The founder of the Virginia Flaggers holds up the flag of a failed rebellion against the United States as she chats with a gentleman at a political event for prospective candidates in Wakefield, Virginia next to a poster accusing Lincoln of treason. It doesn’t get any better than this, folks.
U.S. District Judge Sam Sparks ruled earlier today that the Texas Department of Motor Vehicles did not violate the First Amendment when it denied an application by the Texas Division, Sons of Confederate Veterans for customized plates that depicted the Confederate flag. Here are a few excerpts from the judge’s ruling.
“The issue before the court is this: does the First Amendment require a state government to place the Confederate battle flag on customized, special license plates at the request of a nonprofit organization which has otherwise complied with state rules governing issuance of such plates?” Sparks wrote. He determined that the answer is no, not because specialty license plates constitute government speech, as the board claimed, but because the plates constitute a nonpublic forum. He further found that the content of the SCV license plates drove the board’s decision, rather than the group’s viewpoint.
“The SCV repeatedly argues the fact the Buffalo Soldiers plate was approved indicates SCV was subjected to viewpoint discrimination,” Sparks wrote in the 47-page order. “SCV speculates Native Americans would be offended by the Buffalo Soldiers plate, because of the role played by African-American troops in the frontier wars of the nineteenth century. However, the record does not support this assertion: in contrast to the chorus of negative public comments raised against the SCV’s plate, there appears to have been no significant objection to the Buffalo Soldiers plate, rendering SCV’s assertion the Buffalo Soldiers plate is equally derogatory at best purely speculative.”
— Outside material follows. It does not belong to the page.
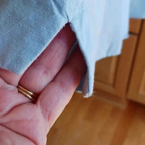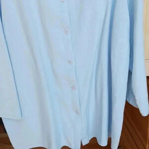 this is a 3/4 sleeve linen top that is very comfortable for summer wear. it will need to be ironed to look its best after washing. it has a Raglan sleeve, and it has darts at the bust. measurements pit to pit are 24 in. and it is 28 inches in length.

Sparks noted that, unlike the SCV plates, the Buffalo Soldiers plates lack an “inflammatory symbol comparable to the Confederate battle flag.” The judge also noted that the group could turn to state lawmakers to get its license plates approved. “Although suggesting a petitioner for judicial relief should look to the legislative branch for assistance is usually the practical equivalent of there being no relief available, here the Texas Legislature can and frequently has approved a variety of plates — including controversial plates, such as ‘Choose Life’ — by direct legislative action,” Sparks states.
The order concludes: “It is a sad fact the Confederate battle flag has been co-opted by odious groups as a symbol of racism and white supremacy. There is no reason to doubt the SCV and its members are entirely heartfelt in their condemnation of this misuse. It is to be hoped the passage of time, and efforts such as the SCV’s resolution, will eventually remove a blight from the flag under which feats of great heroism and fortitude were accomplished. All the traditional avenues of public discourse are open to those who would fully redeem the battle flag. Nevertheless, the state of Texas has chosen to abstain from this debate, and the First Amendment does not require it to open up state-issued license plates as an additional forum in which to contest the flag’s meaning.”
I find the judge’s thoughts re: the flag’s symbolism to be very strange. How exactly do you “remove a blight” from a flag that was used between 1861- and 1865 to establish a nation built on slavery and later in the twentieth century as a visible symbol for the maintenance of the racial status quo? The Confederate flag doesn’t need to be “redeemed” from anything. What it deserves is a proper interpretation in a place that fosters serious reflection.
Oh well, I guess the Texas SCV can at least fall back on their recent victory in Palestine. Where is Palestine, you ask?
So, in addition to having trouble accessing my blog yesterday the news feed that I use to track stories related to Civil War memory is clogged with articles about the Brad Paisley – LL Cool J controversy. I’m not sure which is worse. I don’t have anything insightful to say about the song other than that the music and lyrics are both the work of amateurs. To be honest, it seems to be much to do about nothing.
On the other hand, I got nothing but props for Leslie Harris of Orange, Texas who asked the city council to consider resolutions and ordinances that would block a planned Confederate veterans memorial that includes a flag just off the interstate. Harris argues that, in fact, this is not a veterans memorial, but a Confederate flag memorial. She also offers some comments about the appropriateness of publicly acknowledging Confederate History Month and in the process reminds the audience that white Southern attitudes about the Confederate past are complex.
Once again, the courts have supported the right of school districts to ban students from wearing clothing that includes the Confederate flag. The most recent case involved a school district in South Carolina in which a student repeatedly clashed with school administrators over a number of t-shirts that likely were purchased at a local Dixie Outfitters, including “Southern Chicks,” “Dixie Angels,” “Southern Girls,” and “Daddy’s Little Redneck.”
Hardwick also sought to wear a shirt labeled “Black Confederates,” honoring a Louisiana Civil War regiment made up of free African-Americans. She also tried to wear shirts she characterized as protests of censorship of the others, with slogans such as “Jesus and the Confederate Battle Flag: Banned from Our Schools but Forever in Our Hearts,” and “Offended by School Censorship of Southern Heritage.”
This is nothing more than a case of bad parenting.